3

I'm working with some deeply nested data in a PySpark dataframe. As I'm trying to flatten the structure into rows and columns I noticed that when I call withColumn if the row contains null in the source column then that row is dropped from my result dataframe. Instead I would like to find a way to retain the row and have null in the resulting column.
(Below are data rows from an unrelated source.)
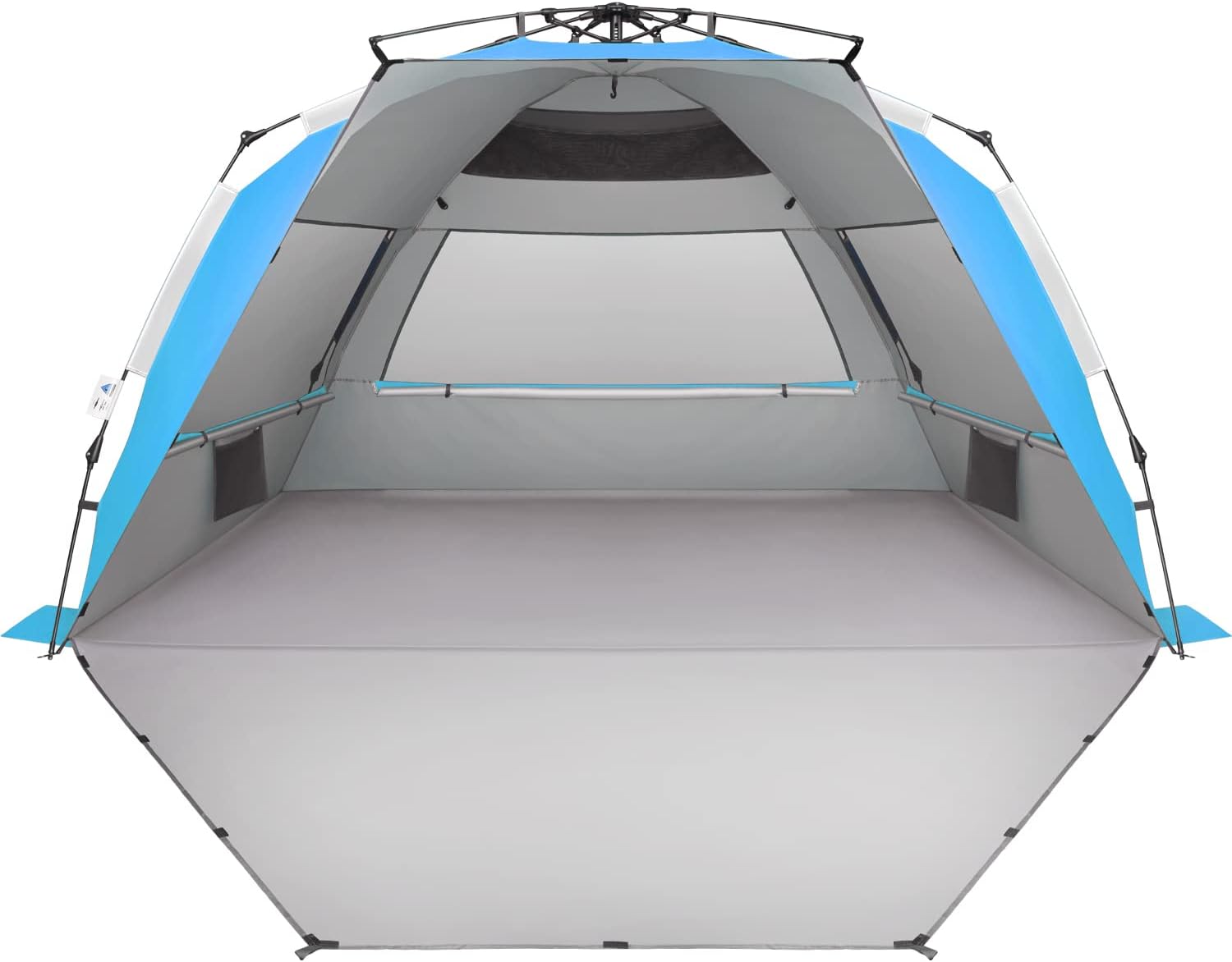 Oileus XX-Large Beach Tent Sun Shelter for 5-6 Person Portable Sun Shade Instant Pop Up Tent for Beach with Carrying Bag, Stakes, 6 Sand Pockets, Anti UV for Fishing Hiking Camping Blue
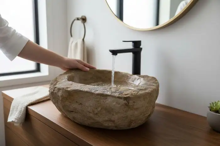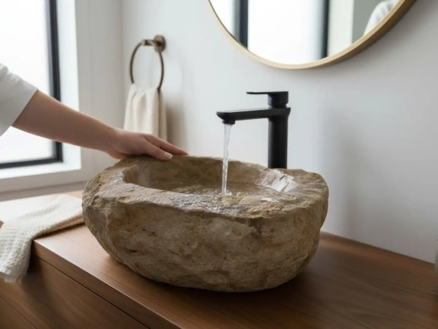 Každý kus je jedinečný – každý kámen má svůj vlastní tvar, barvu a hmotnost, což znamená, že žádná dvě umyvadla nejsou identická.
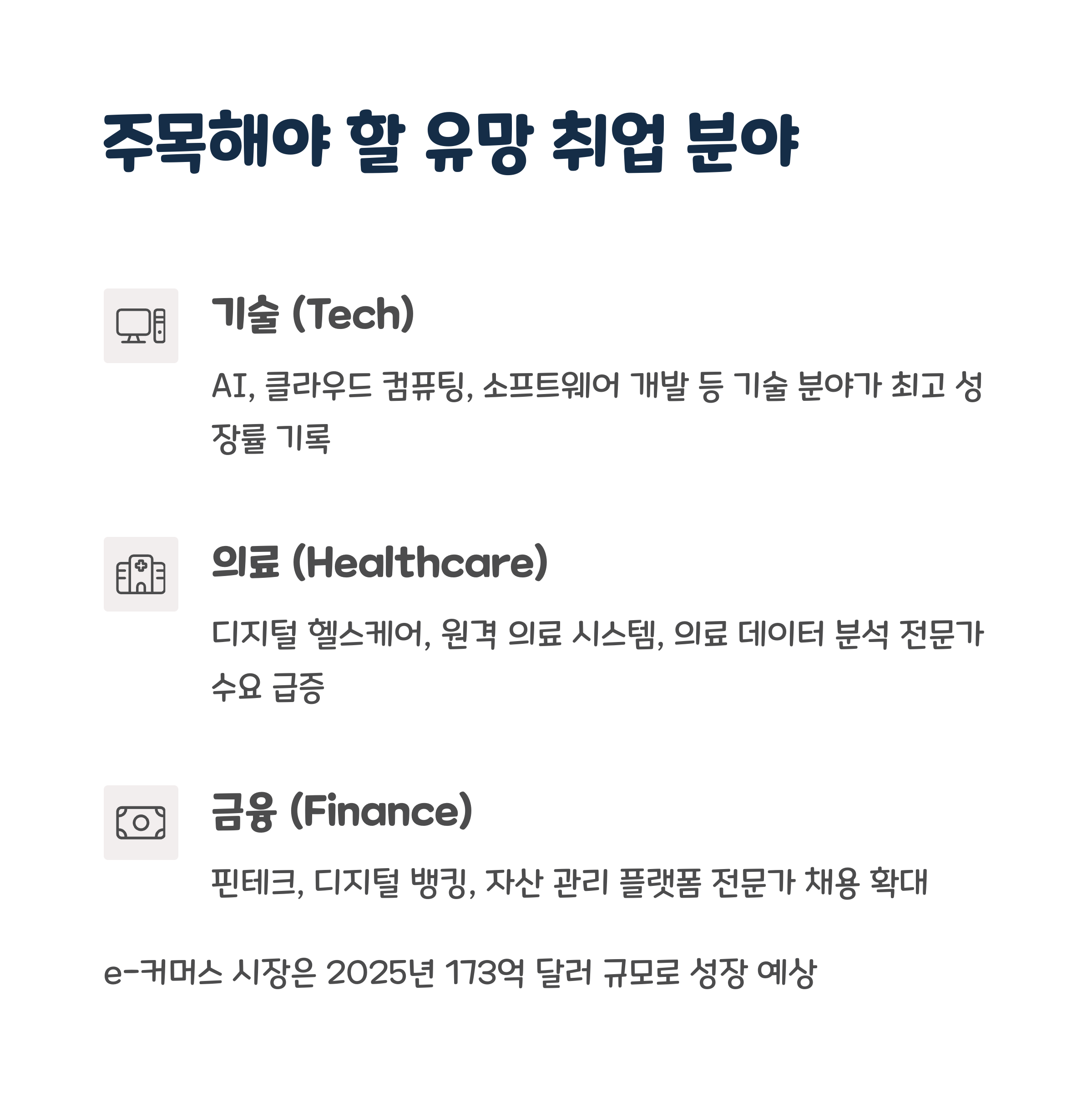 - 취업 박람회, 유튜브 채널, 커뮤니티 등을 활용해 다양한 취업 정보를 수집하세요.

A sample dataframe to work with:

from pyspark.sql.functions import explode, first, col, monotonically_increasing_id
from pyspark.sql import Row

df = spark.createDataFrame([
  Row(dataCells=[Row(posx=0, posy=1, posz=.5, value=1.5, shape=[Row(_type='square', _len=1)]), 
                 Row(posx=1, posy=3, posz=.5, value=4.5, shape=[]), 
                 Row(posx=2, posy=5, posz=.5, value=7.5, shape=[Row(_type='circle', _len=.5)])
    ])
])

I also have a function I use to flatten structs:

def flatten_struct_cols(df):
    flat_cols = [column[0] for column in df.dtypes if 'struct' not in column[1][:6]]
    struct_columns = [column[0] for column in df.dtypes if 'struct' in column[1][:6]]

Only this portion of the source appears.